Consumption of excess copper is rare. People may consume small amounts of excess copper in acidic food or beverages that have been in copper vessels, tubing, or valves a long time.
Consuming even relatively small amounts of copper may cause nausea, vomiting, and diarrhea. Large amounts, usually consumed by people intending to commit suicide, can damage the kidneys, inhibit urine production, and cause anemia due to the rupture of red blood cells (hemolytic anemia) and even death.
Rarely, liver damage or cirrhosis occurs in children. It probably results from drinking milk that has been boiled or stored in corroded copper or brass vessels.
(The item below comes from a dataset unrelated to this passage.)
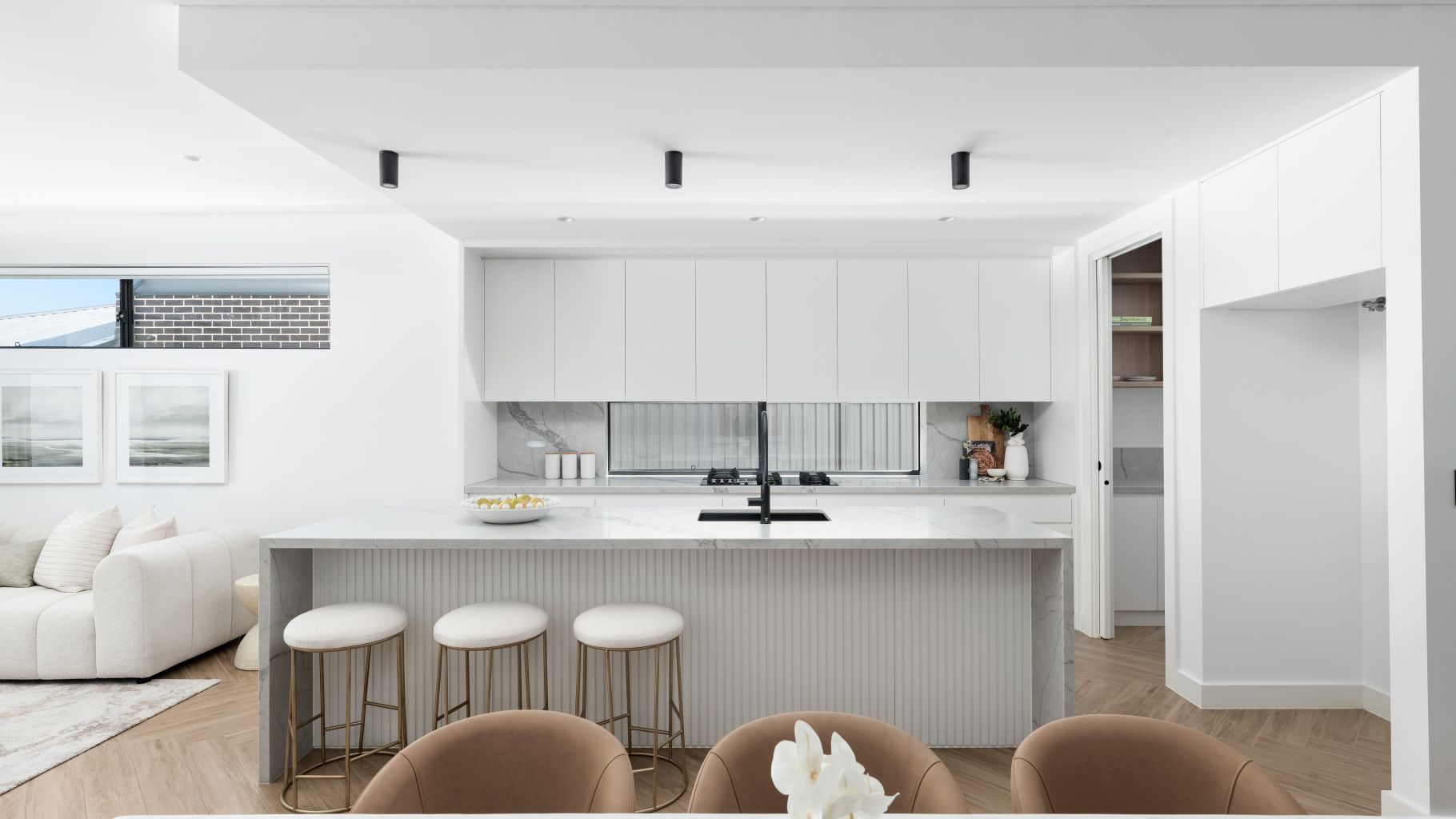 - Bespoke kitchen designed with double width stone benchtops and splashback, waterfall edge island featuring undermount sink, SMEG appliances including 900mm 5 burner gas cooktop, integrated dishwasher and microwave and a fully equipped butler's pantry.

Doctors measure copper and ceruloplasmin levels in blood or urine. However, a liver biopsy to measure the amount of copper and look for damage in the liver is usually required for diagnosis unless large amounts of copper were consumed.
If large amounts of copper were consumed, the stomach is pumped.
If copper toxicity has caused problems such as anemia or has damaged the kidneys or liver, dimercaprol is injected into a muscle, or a drug that binds with copper, such as penicillamine, is given to remove excess copper. Children with liver damage are treated with penicillamine.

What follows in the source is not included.